What's Going On In Nevada??

5 August 1997

CARSON CITY, Nev. -- The media seems absolutely certain that a bill passed in Nevada and signed into law on July 31 is a prohibition on internet gambling. But, legal experts and others involved in the gaming industry there say it's really not the case.

News services say that this bill is the first in the nation to "expressly prohibit residents from using the Web for gambling purposes." The new law was written to prevent people who are not licensed by the state to use any medium of communication to place or accept a bet. It defines medium of communication as including email, telephone, television, telegraph, facsimile, cable, wire, the Internet or any other similar medium.
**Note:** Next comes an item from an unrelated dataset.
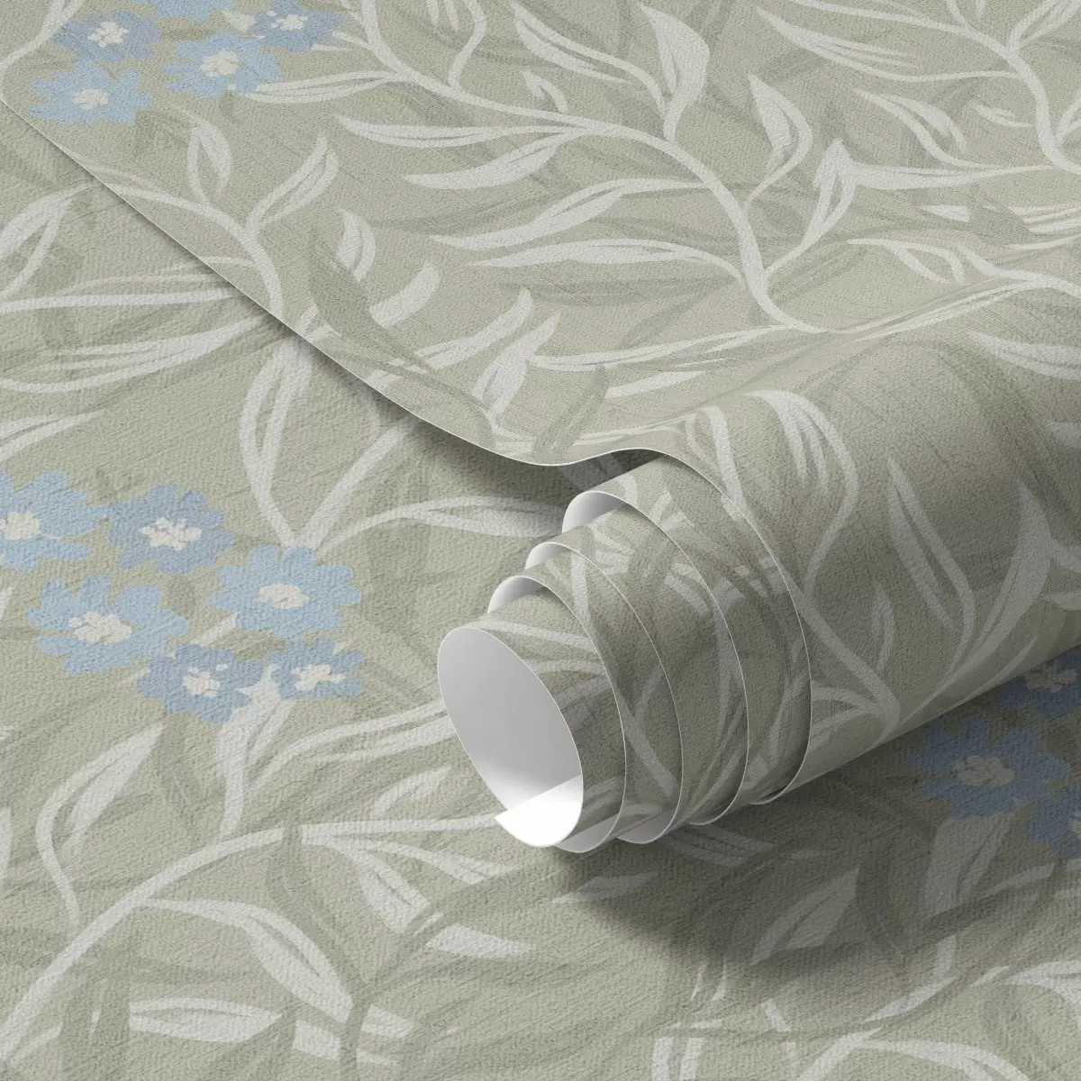 Papel pintado Fondo verde con ramas blancas y flores azules Nr. a00268v1

So IGN decided to check with Tony Cabot, an attorney with Lionel Sawyer and Collins, a Nevada law firm which represents a variety of gaming interest and was credited in helping to write the bill on behalf of the Nevada Resort Association. Cabot, who also authored the Internet Gambling Report noted that these reports were "only half correct." Cabot said, "It does not ban gambling over the Internet. It only provides that Nevada residents can only bet with someone who is licensed by the Nevada Gaming Commission. For example, under the law, a Nevada license holder could accept wagers over the Internet from Nevada residents. A Nevada license holder cannot accept wagers from an out-of-state resident, however, by telephone, the Internet or otherwise.
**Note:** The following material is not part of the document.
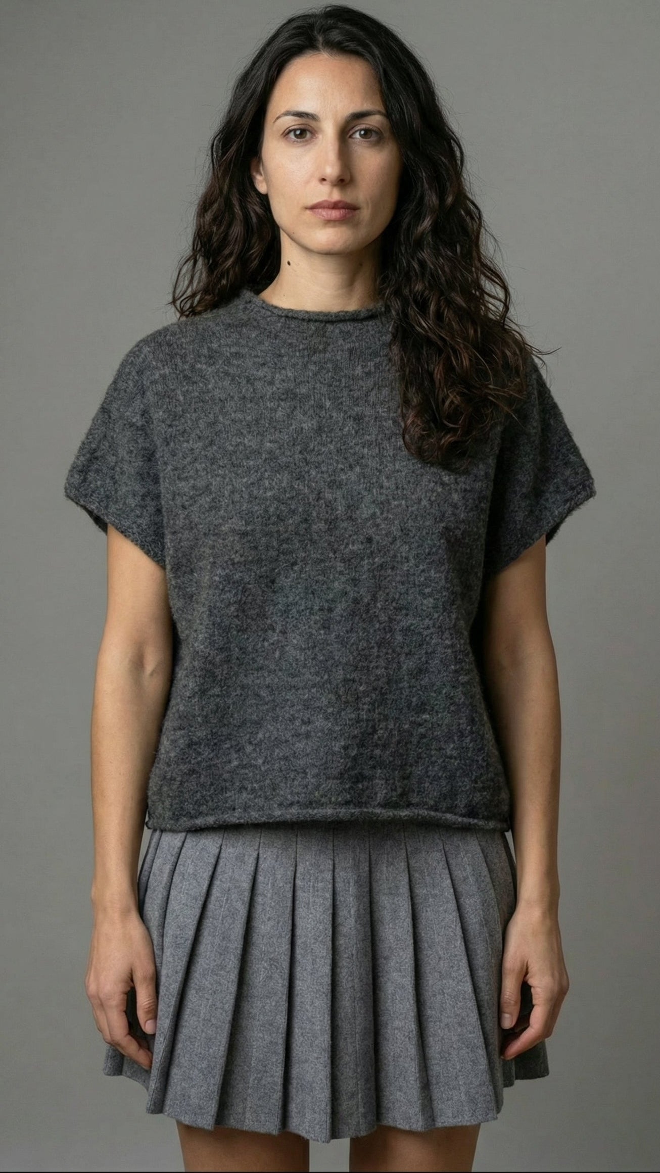 Completo Gilet e Gonna Pieghe Lana Grigio Antracite

He added, "The State Gaming Control Board added language to the bill that makes it illegal for a person to act as a paid messenger bettor for out-of-state bettors. For example, a bookie from New York could not call or e-mail bets to a paid messenger to place at a Nevada book. These are typically called 'lay-off' bets." Others in the gaming industry agreed that the bill was primarily aimed at the "beards" or runners who make such bets in sportsbooks….often for large East Coast betting syndicates.